Look through the entries below and copy exactly the part that begins with the line containing "Плескавици гарнирани со" and ends with the line containing "测量电桥可直接采用半桥单臂方". Do not copy the pictures.

▶ _Data listing_
_ _ _ _ _

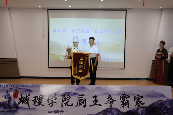 本次大赛的重头戏仍是厨王的最终对决,本次厨王烹饪比拼以“城理味道”为主题,各食堂大厨自选食材,在规定的20分钟烹饪时间内完成菜品的制作。随着出菜铃声的响起,本年度厨王比拼的四道菜式也掀开了神秘的面纱,第一食堂的柠汁蒜香骨、第二食堂的茶叶虾、第三食堂的金丝罐汤虾球、第四食堂的鲫鱼粉卷一一登台亮相,由现场的嘉宾评委和学生大众评委一同品尝。最终,第四食堂烹制的“鲫鱼粉卷”得到师生评委们的一致好评,徐祯华厨师得分最高,赢得“2021年度城理厨王”的荣誉称号,第四食堂卫冕了厨王的荣誉。学校党委书记杜小明为其颁发锦旗与奖杯。
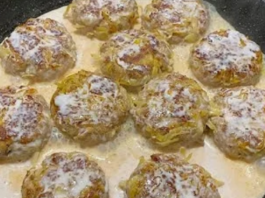 Плескавици гарнирани со рендан компир во вкусен млечен сос, заситно јадење...
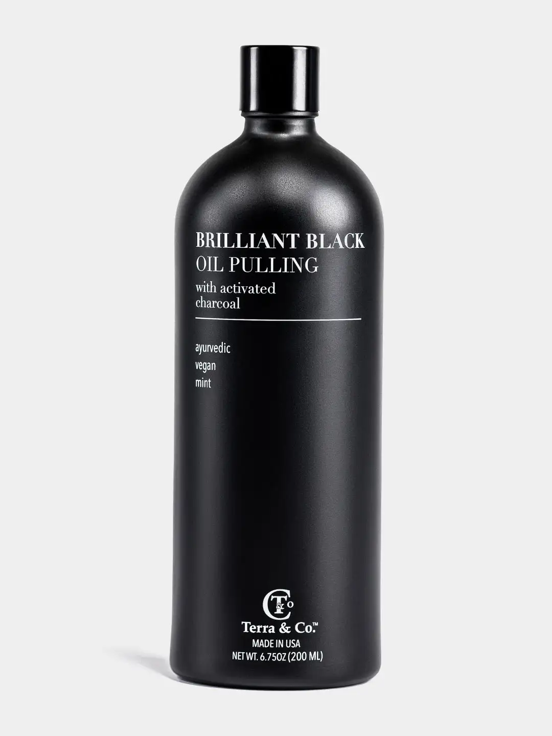 - Brilliant Black Oil Pulling 6.75 oz – Tag teaming natural microbial properties of MCT coconut oil and vitamin E work to restore pH balance, reduce inflammation and buildup, ‘pull’ bacteria, promote saliva production and moisturize gums, leaving a subtle refreshing feel
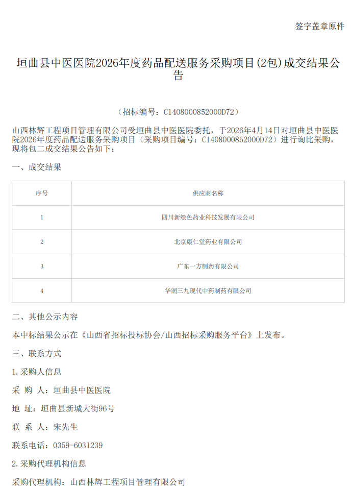【运城市垣曲县中医医院】山西省垣曲县中医医院2026年度药品配送服务采购项目(2包)成交结果公告
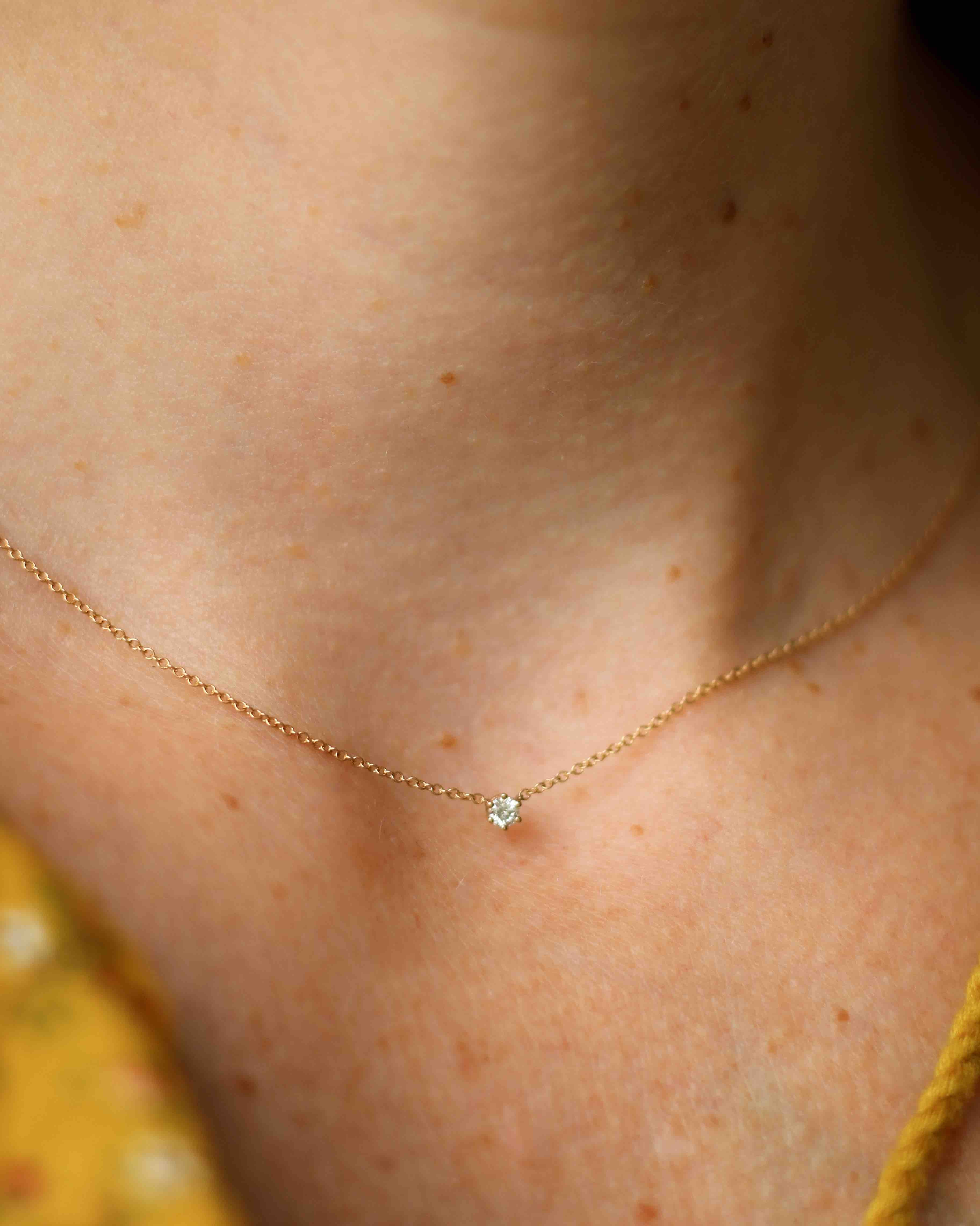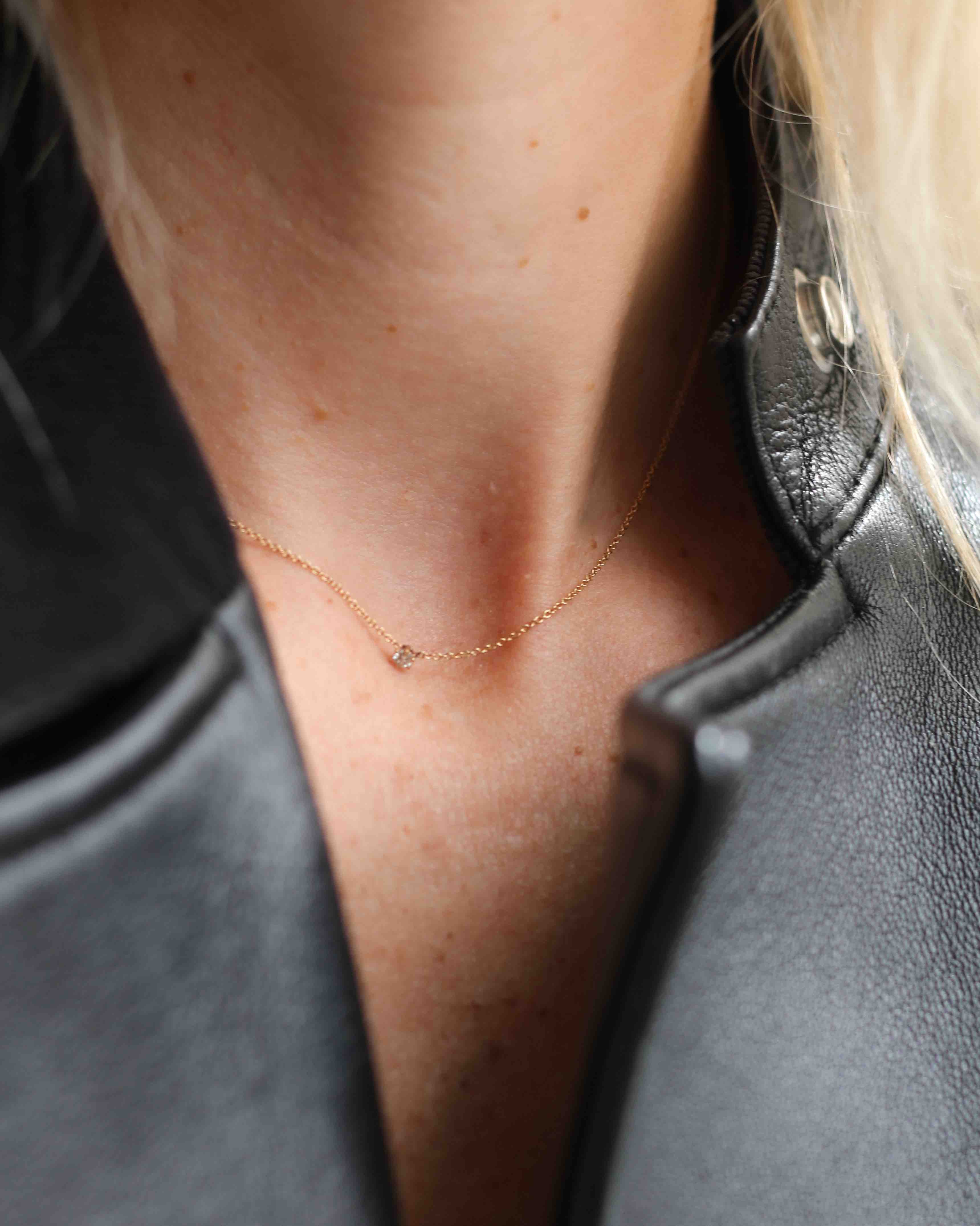 Eftersom diamanten är fäst direkt i kedjan, så håller sig diamanten (för det mesta) i halsgropen och låset därbak. Det älskar jag med detta halsbandet!
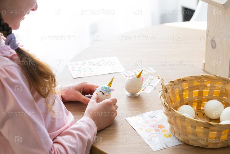 Милая девочка с розовыми заячьими ушками делает пасхальную поделку - украшает яйцо в виде единорога стразами, рогом, цветами в интерьере дома растениями
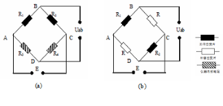 测量电桥可直接采用半桥单臂方式测出R1和R2受力产生的应变值ε1和ε2;也可采用邻臂桥路接法可直接测出弯矩引起的应变(ε1-ε2),(采用此接桥方式不需温度补偿片,接线如图2(a));采用对臂桥路接法可直接测出轴向力引起的应变(ε1+ε2),(采用此接桥方式需加温度补偿片,接线如图2(b))。
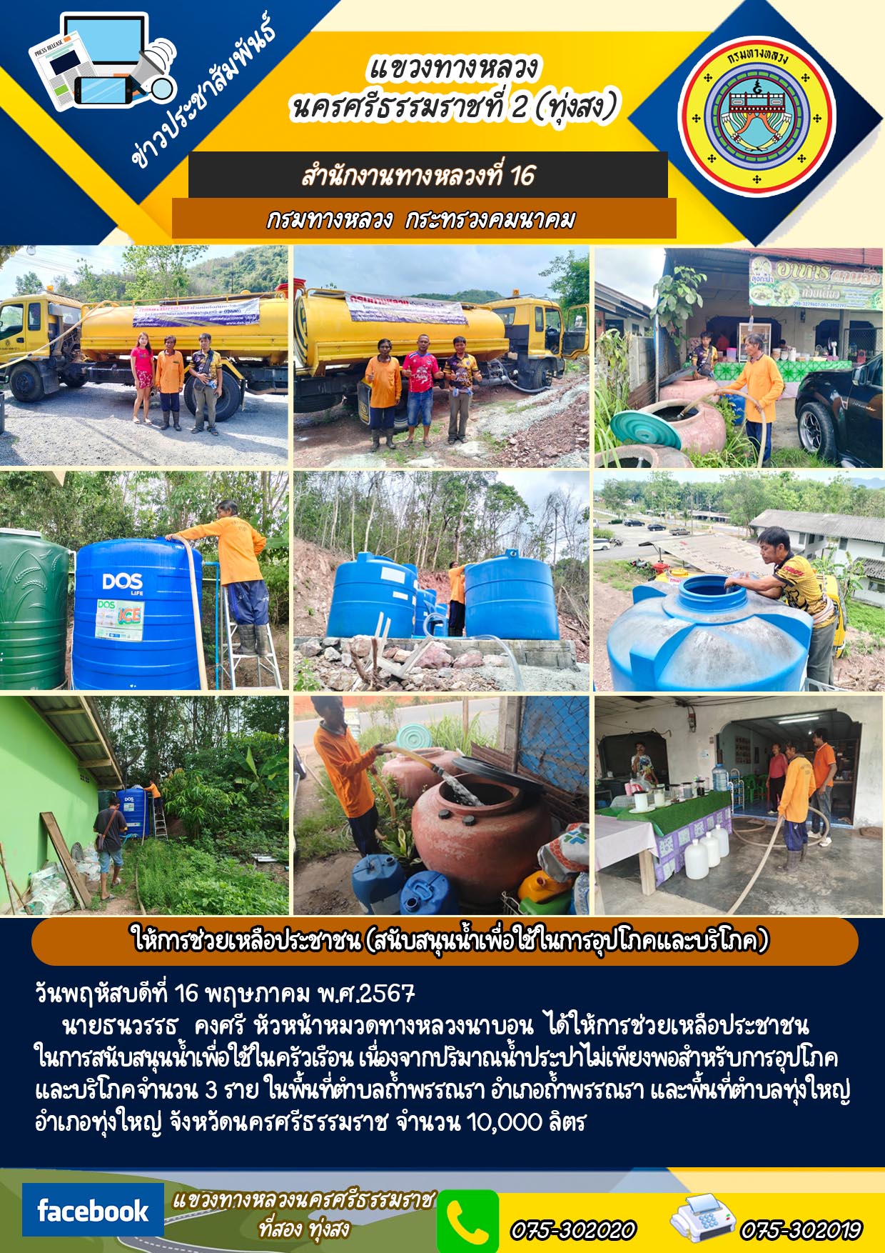 นายธนวรรธ คงศรี หัวหน้าหมวดทางหลวงนาบอน ได้ให้การช่วยเหลือประชาชนในการสนับสนุนน้ำเพื่อใช้ในครัวเรือน เนื่องจากปริมาณน้ำประปาไม่เพียงพอสำหรับการอุปโภคและบริโภคจำนวน 3 ราย ในพื้นที่ตำบลถ้ำพรรณรา อำเภอถ้ำพรรณรา และพื้นที่ตำบลทุ่งใหญ่ อำเภอทุ่งใหญ่ จังหวัดนครศรีธรรมราช จำนวน 10,000 ลิตร

_ _ _ _ _

▶ _Task solution_
 Плескавици гарнирани со рендан компир во вкусен млечен сос, заситно јадење...
 - Brilliant Black Oil Pulling 6.75 oz – Tag teaming natural microbial properties of MCT coconut oil and vitamin E work to restore pH balance, reduce inflammation and buildup, ‘pull’ bacteria, promote saliva production and moisturize gums, leaving a subtle refreshing feel
【运城市垣曲县中医医院】山西省垣曲县中医医院2026年度药品配送服务采购项目(2包)成交结果公告
 Eftersom diamanten är fäst direkt i kedjan, så håller sig diamanten (för det mesta) i halsgropen och låset därbak. Det älskar jag med detta halsbandet!
 Милая девочка с розовыми заячьими ушками делает пасхальную поделку - украшает яйцо в виде единорога стразами, рогом, цветами в интерьере дома растениями
 测量电桥可直接采用半桥单臂方式测出R1和R2受力产生的应变值ε1和ε2;也可采用邻臂桥路接法可直接测出弯矩引起的应变(ε1-ε2),(采用此接桥方式不需温度补偿片,接线如图2(a));采用对臂桥路接法可直接测出轴向力引起的应变(ε1+ε2),(采用此接桥方式需加温度补偿片,接线如图2(b))。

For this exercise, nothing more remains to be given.